[slurm-users] Kinda Off-Topic: data management for Slurm clusters

Tue Feb 26 20:25:28 UTC 2019

But rsync -a will only help you if people are using identical or at 
least overlapping data sets?  And you don't need rsync to prune out old 
files.

On 2/26/19 1:53 AM, Janne Blomqvist wrote:
> On 22/02/2019 18.50, Will Dennis wrote:
>> Hi folks,
>>
>> Not directly Slurm-related, but... We have a couple of research groups 
>> that have large data sets they are processing via Slurm jobs 
>> (deep-learning applications) and are presently consuming the data via 
>> NFS mounts (both groups have 10G ethernet interconnects between the 
>> Slurm nodes and the NFS servers.) They are both now complaining of 
>> “too-long loading times” for the data, and are casting about for a way 
>> to bring the needed data onto the processing node, onto fast SSD 
>> single drives (or even SSD arrays.) These local drives would be 
>> considered “scratch space”, not for long-term data storage, but for 
>> use over the lifetime of a job, or maybe perhaps a few sequential jobs 
>> (given the nature of the work.) “Permanent” storage would remain the 
>> existing NFS servers.
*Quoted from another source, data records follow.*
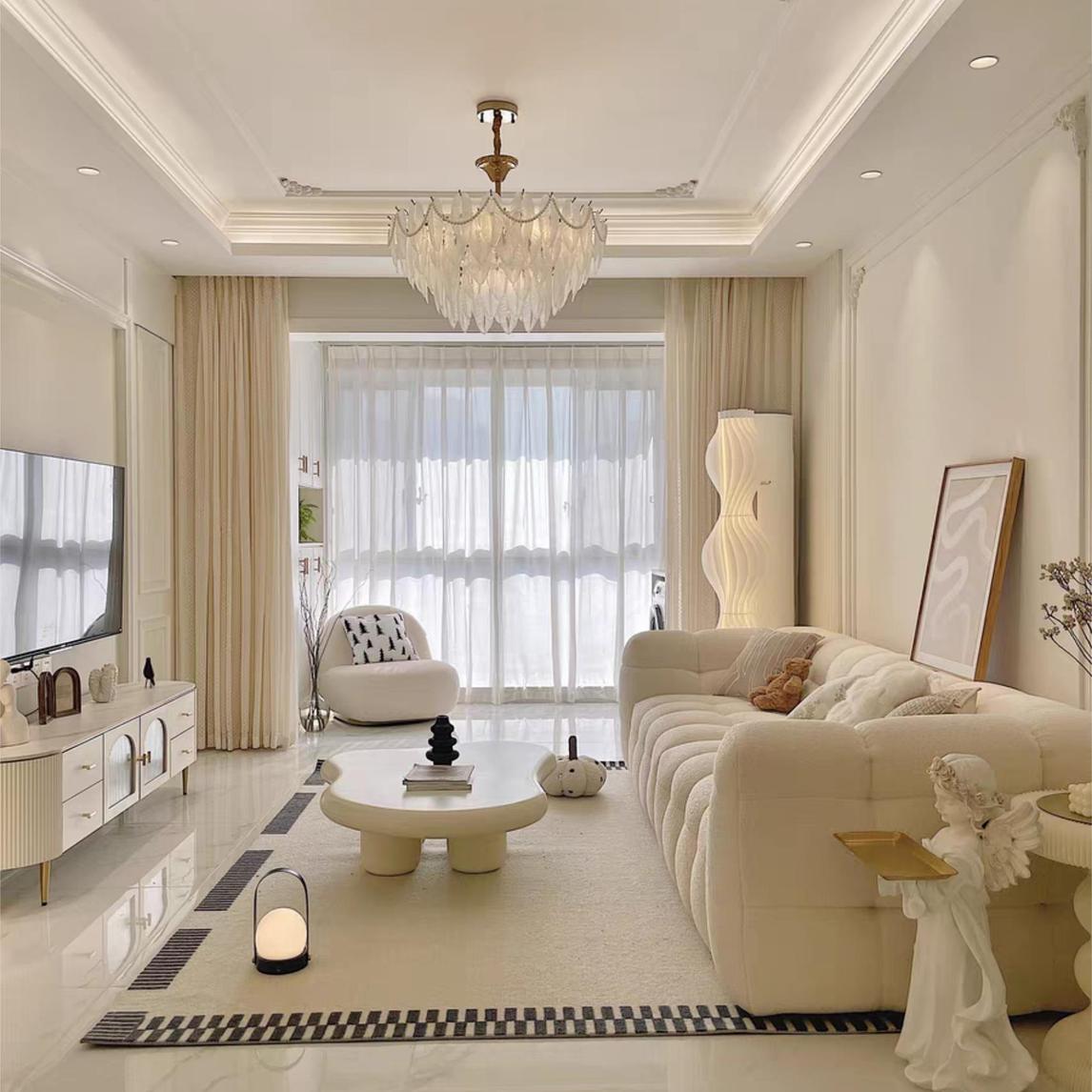 本案主体色调为奶油色,风格现代简约法式风格,奶油色系是浅淡的奶咖色,奶油色系是柔和的低饱和度配色风格,在米白色与奶咖色中间的一个色系,整体空间的硬装,简单干净直爽。
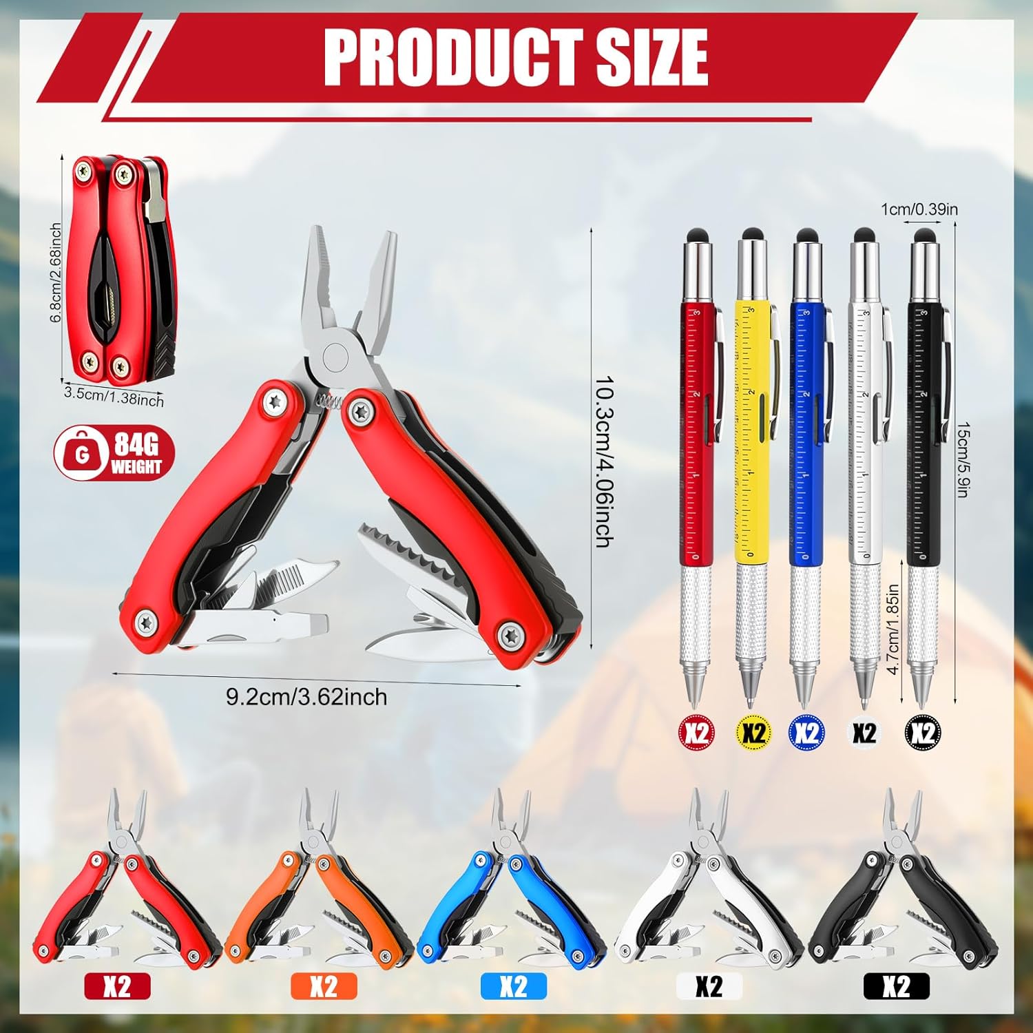 Features: Durable stainless steel construction: Crafted from stainless steel, each small multitool pliers and multi tool pen is corrosion resistant and travel ready. Compact dimensions and included 6 pieces pack make this a reliable mini multitool choice. Compact sizes for everyday carry and quick fixes: These christmas multitool gifts bulk for men are suitable for pockets, belts or keychains, ready whenever you need a screwdriver, blade or stylus. Specifications: Material: stainless Steel Color: red, blue, silver, orange, black Size: Multitool pliers: 2.95 x 1.5 x 0.59 inches / 7.5 x 3.8 x 1.5 cm Utility pens: 5.87 x 0.43 inches / 14.9 x 1.1 cm Package includes: 10 x Multitool pliers 10 x Utility pens Notes: Manual measurement, please allow slight errors on size. Color may exist a slight difference due to different screen displays
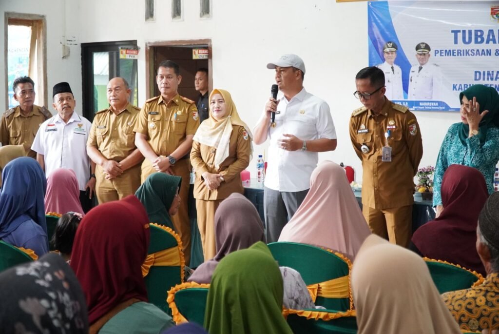 Tubabaqu.id – Bupati Tulang Bawang Barat, Ir. Novriwan Jaya, S.P., melakukan peninjauan kegiatan pemeriksaan dan pengobatan gratis dalam program “TubabaQu Sehat” yang berlangsung di Balai Tiyuh Gading Kencana, Kecamatan Tulangbawang Udik(TBU). Selasa (14/10/2025).

We don’t really have the funding for 25-100G 
>> networks and/or all-flash commercial data storage appliances (NetApp, 
>> Pure, etc.)
>>
>> Any good patterns that I might be able to learn about implementing 
>> here? We have a few ideas floating about, but I figured this already 
>> may be a solved problem in this community...
> 
> We have a similar problem, many ML users with big datasets. We use 
> Lustre over IB, but the problem isn't IO bandwidth per se but rather 
> that the datasets tend to be very suboptimal for any kind of network fs 
> (lots and lots of small files). We do have node local disks which we 
> currently have configured so that a per-job /tmp is mounted on the local 
> disk, and then cleaned up at job exit. But this isn't really good for ML 
> type workflows, as even if they use the local disk a large fraction of 
> the job runtime is then spent copying the data from Lustre to the local 
> disk, only for the data to be blown away when the job ends.
> 
> Adding quotas to node local disks doesn't really work either, as we have 
> lots of users/groups sharing our resources, and thus if we'd allocate 
> the disk space using quotas each one would be getting a uselessly small 
> amount.
> 
> One idea I've been toying with is to write some duct tape around rsync, 
> here are my notes about it:
> 
> ## datasync tool
> 
> Essentially a small wrapper around 'rsync -a'. The different is that it
> creates SRC/.datasync and DEST/.datasync directories containing special
> metadata:
> 
> - .datasync/TIMESTAMP: The mtime of this empty file is used to check
> whether the SRC dataset is newer than the DEST dataset, in that case run
> 'rsync -a', otherwise rsync can be skipped.
> 
> - DEST/.datasync/LAST_SYNCED: mtime of this empty file tells the last
> time this dataset was synced, whether any rsync was run or not.
> 
> - DEST/.datasync/SLURM_JOB_IDS: Contains the slurm job id's (if
> applicable) of the jobs that ran datasync with this DEST directory.
> 
> 
> So the idea would be that a user in the job script could do something like
> 
> #SBATCH blahblah
> srun datasync /scratch/my_group/dataset_big /l/my_group/dataset_big
> srun --gres=gpu:1 my_ML_job.py /l/my_group/dataset_big
> 
> 
> ## datasync-reaper
> 
> Admin tool that can be run from cron on every compute node to reap
> unused datasets based on policy, e.g. /l partition must have at least
> 50GB free (or max 70% full, or whatever).
> 
> When reaping, it searches for these special .datasync directories (up to
> a configurable recursion depth, say 2 by default), and based on the
> LAST_SYNCED timestamps, deletes entire datasets starting with the oldest
> LAST_SYNCED, until the policy goal has been met. Directory trees without
> .datasync directories are deleted first. .datasync/SLURM_JOB_IDS is used
> as an extra safety check to not delete a dataset used by a running job.
> 
> 
> 
> But nothing concrete done yet. Anyway, I'm open to suggestions about 
> better ideas, or existing tools that already solve this problem.
> 
>